Yves Simon, visageDans les pages Débats du quotidien Le Monde daté de ce jeudi 13 mai, l’auteur-compositeur-interprète et écrivain Yves Simon se place résolument, dans les ondulations actuelles du niqab et de la burqa, du côté du visage découvert.

Il le fait de la manière la plus élégante et poétique qui soit, en signant en un quart de page une ode au visage, de toute beauté, pleine de références et plus encore d’humanité.

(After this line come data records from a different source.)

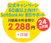 申込日時点で満60歳以上のお客さまが、受付期間中に新たにSoftBank AirをAirターミナル5購入でお申し込みいただき、適用条件を満たしていただけた場合、課金開始月より24ヵ月間、月額料金より2,288円を割引いたします。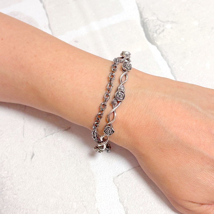 絡み合うツタが特徴的なバングルに、イバラのチェーンを重ねたレイヤードを楽しめる画期的なアイテム。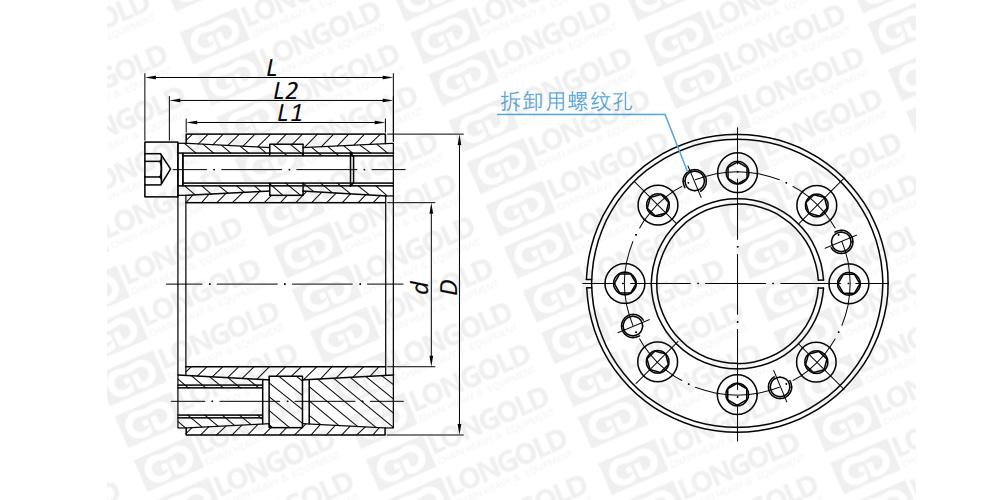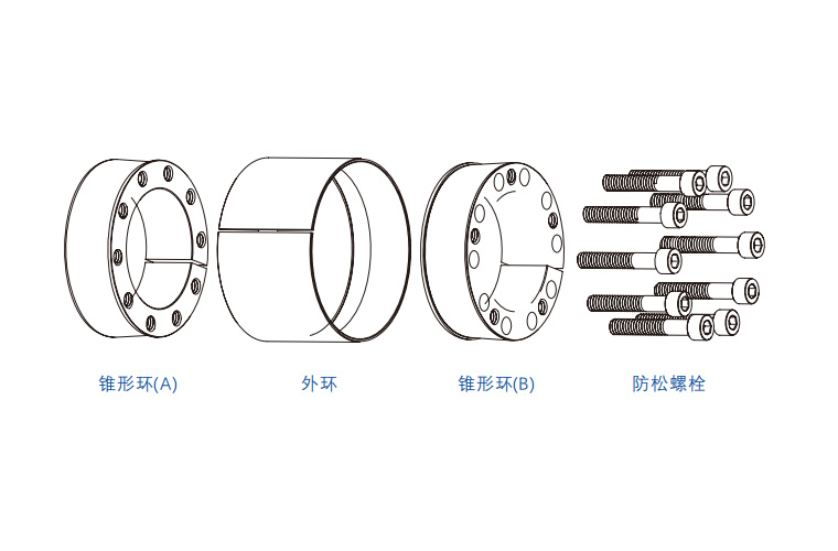 上圖為D型脹緊套的結(jié)構(gòu)圖。

A lire absolument et à faire partager.

Extraits :

Les visages sont des aimants, comment ne pas être tout simplement heureux de se délecter à une terrasse de café de les voir défiler comme au théâtre, sous nos yeux, deviner les gammes de sentiments et de tourments qui les envahissent, une naissance, une souciance, une jalousie, s’en repaître et se sentir en concordance avec eux – reliés -, en choisir un pour aussitôt l’oublier, ou alors y repenser, cette planète nous a touchés, on aurait pu, on aurait dû, appeler, courir, les choses vont si vite, et Proust qui s’émeut : "Ce regard avec lequel un jour de départ on voudrait emporter le paysage qu’on va quitter pour toujours." (…)

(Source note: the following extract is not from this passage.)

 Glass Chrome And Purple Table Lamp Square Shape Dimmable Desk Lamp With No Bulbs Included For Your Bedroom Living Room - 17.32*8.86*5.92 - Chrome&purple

Les visages se rident, ils sourient, ils ravissent ou effraient, ils racontent au monde leur monde, ils sont Hermès sculpté par Praxitèle, Périclès par Crésilas, la Mélancolie, de Dürer, et la Séphora, de Botticelli, les effarés du Tres de Mayo, de Goya, et l’adolescent Rimbaud photographié par Carjat, ils nous percutent, ils nous hantent, ils nous émeuvent. (…).

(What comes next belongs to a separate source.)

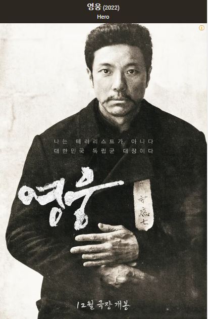 "영웅"은 대한민국에서 제작된 윤제균 감독의 2022년 뮤지컬 영화로는 정성화, 김고은, 나문희가 출연한다. 뮤지컬 영웅을 원작으로 한 이 영화는 1909년 초대 일본 총리이자 조선 통감이었던 이토 히로부미를 암살한 대한민국의 독립운동가 안중근 의사의 마지막 1년을 다룬다.

Chaque visage est un morceau d’univers, un zeste de divinité, une parcelle de Dieu qui à Lui seul serait tous les visages. "Le visage est le lieu du sacré par excellence", dit l’anthropologue David Le Breton. Regarder un seul visage, c’est voir l’humanité tout entière, c’est entrevoir le ciel et les étoiles, se laisser happer par l’infini cosmos "dans un pur arrachement au quotidien, sans plus de référence au religieux".